**INFORMATION PROVIDED**
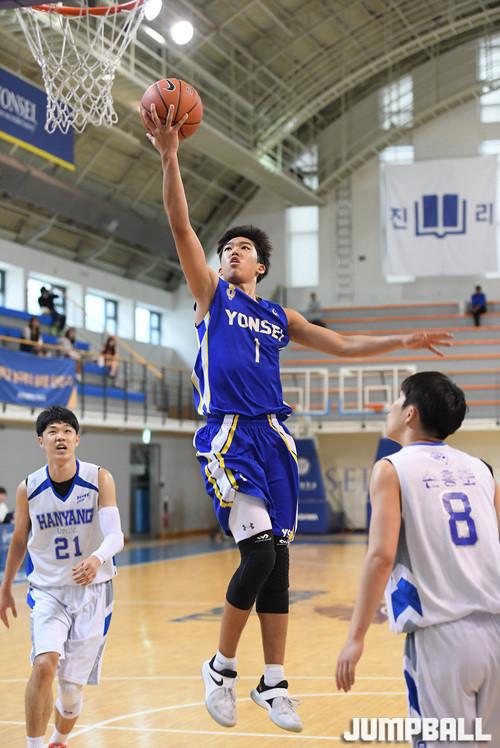 26일 신촌 연세대 체육관에서 열린 2017 남녀 대학농구리그에서 연세대와 한양대의 경기, 연세대 박지원이 골밑 중앙을 제치있게 파고들어 레이업 시도하고 있다.
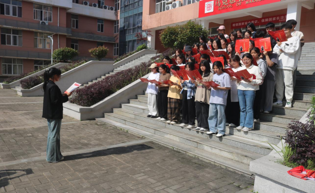 院辅导员皮卫阳向大骨班成员解读习近平新时代中国特色社会主义思想。他指出,当代大学生应当深刻把握“十个明确”、“十四个坚持”等先进思想,不断提高马克思主义理论水平,把理论学习成效转化为生动实践。
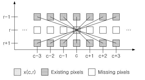퍼지 메트릭 계산부는 입력된 영상 프레임 내에서 누락된 픽셀, 기존 픽셀, 보간 대상 픽셀을 표시하고, 보간 대상 픽셀을 중심으로 에지 방향 각도를 계산함.
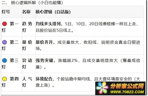 一、 为什么你需要“四灯系统”?很多朋友亏钱,是因为在下跌趋势里抄底,或者在缩量阴跌里死扛。为了解决这个痛点,我设计了四个维度的“信号灯”:
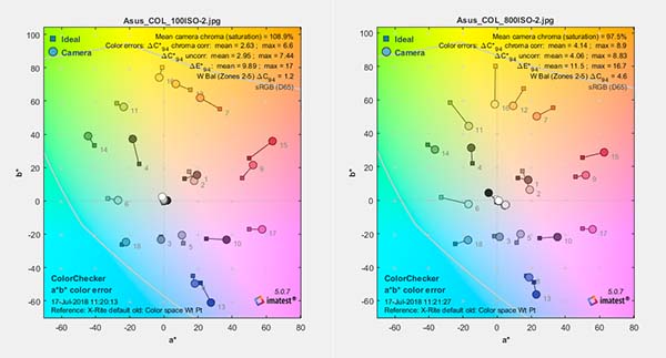 Discreto, per uno strumento non professionale, il comportamento cromatico, anche se la saturazione dei colori si riduce rapidamente al crescere della sensibilità di lavoro, e già a 800 ISO scende sotto la soglia ottimale del 100%.

**EXERCISE DIRECTIONS**
Only the lines from the one with "院辅导员皮卫阳向大骨班成员解" through the last line of the records above are wanted, copied exactly and with pictures omitted.

**REPLY**
 院辅导员皮卫阳向大骨班成员解读习近平新时代中国特色社会主义思想。他指出,当代大学生应当深刻把握“十个明确”、“十四个坚持”等先进思想,不断提高马克思主义理论水平,把理论学习成效转化为生动实践。
퍼지 메트릭 계산부는 입력된 영상 프레임 내에서 누락된 픽셀, 기존 픽셀, 보간 대상 픽셀을 표시하고, 보간 대상 픽셀을 중심으로 에지 방향 각도를 계산함.
 一、 为什么你需要“四灯系统”?很多朋友亏钱,是因为在下跌趋势里抄底,或者在缩量阴跌里死扛。为了解决这个痛点,我设计了四个维度的“信号灯”:
 Discreto, per uno strumento non professionale, il comportamento cromatico, anche se la saturazione dei colori si riduce rapidamente al crescere della sensibilità di lavoro, e già a 800 ISO scende sotto la soglia ottimale del 100%.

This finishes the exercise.